Ecosteguy e Jacks (2005) explicam que a relação entre comunicação e recepção é uma sobreposição de temas, uma vez que recepção está incluída nos estudos de comunicação. Segundo as autoras, recepção é o nome que se dá aos estudos da relação dos meios com sua audiência. Elas explicam que, no Brasil, a pesquisa em recepção inclui uma grande variedade de estudos. Nas décadas de 1950 e 1960, as pesquisas de audiência, sobretudo da televisão e do rádio, eram voltadas para o mercado e utilizavam métodos quantitativos.

Em 1970, com a implantação dos primeiros cursos de pós-graduação em comunicação no Brasil, ocorreu um aumento na investigação científica. As investigações pioneiras carregavam a influência da teoria crítica, da semiologia e da teoria dos efeitos. Mais tarde, passaram a incorporar aspectos das teorias de Pierre Bourdieu (2007 [1989]) e o conceito de hegemonia de Antônio Gramsci (1989{1987}). A maior parte dessas pesquisas eram sobre recepção de televisão.

A partir dos anos 1980, as pesquisas em recepção brasileiras começaram a se aproximar dos estudos culturais. Mais teóricos, como observam as pesquisadoras, tinham interesse na questão da ideologia dos meios de comunicação, na ligação entre a reprodução da ideologia dominante e a comunicação de massa e na existência de leituras diferentes em função da participação em classes sociais distintas.

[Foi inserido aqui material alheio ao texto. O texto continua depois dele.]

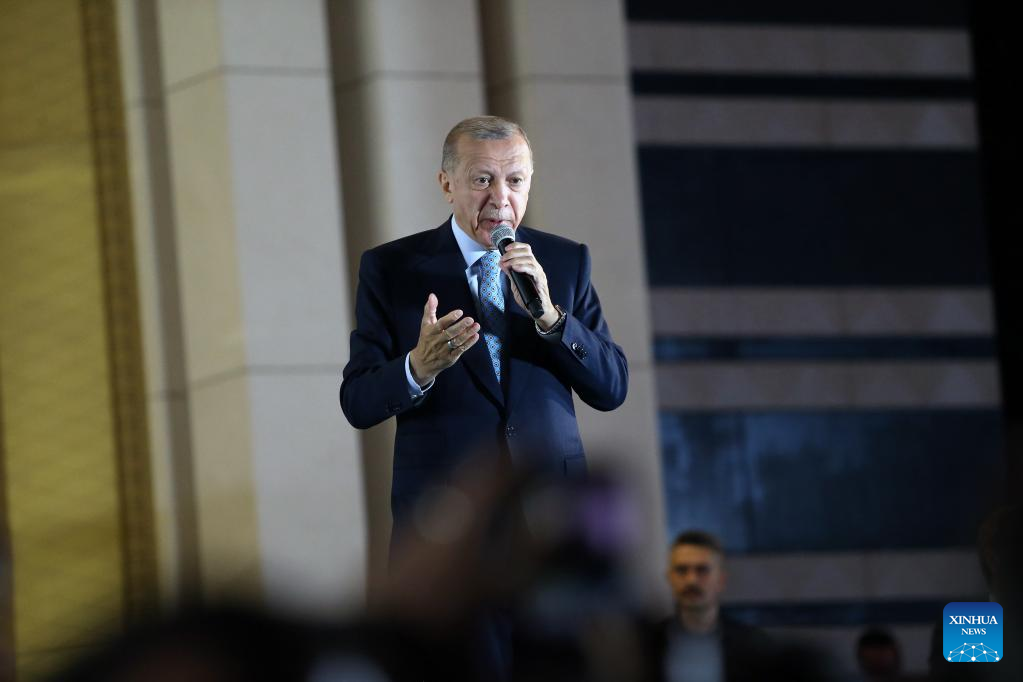 Turkish President Recep Tayyip Erdogan delivers a speech in Ankara, Türkiye on May 29, 2023. Turkish President Recep Tayyip Erdogan was declared the winner of the presidential election on Sunday, sending him to another five years in office. (Mustafa Kaya/Handout via Xinhua)

Ainda na década de 1980, passou-se a utilizar métodos etnográficos para a pesquisa de recepção de televisão, com ênfase nas mulheres e telenovelas. Grupos focais, etnografias e entrevistas em profundidade configuraram-se como os métodos de análise mais usados em pesquisas de recepção. No Capítulo 5, explicaremos cada uma dessas metodologias.

Ao fim desse histórico, as autoras observam que apenas em 1990 foram introduzidos, de forma ainda tímida, os conceitos latino-americanos da área da recepção e dos estudos culturais nas pesquisas brasileiras.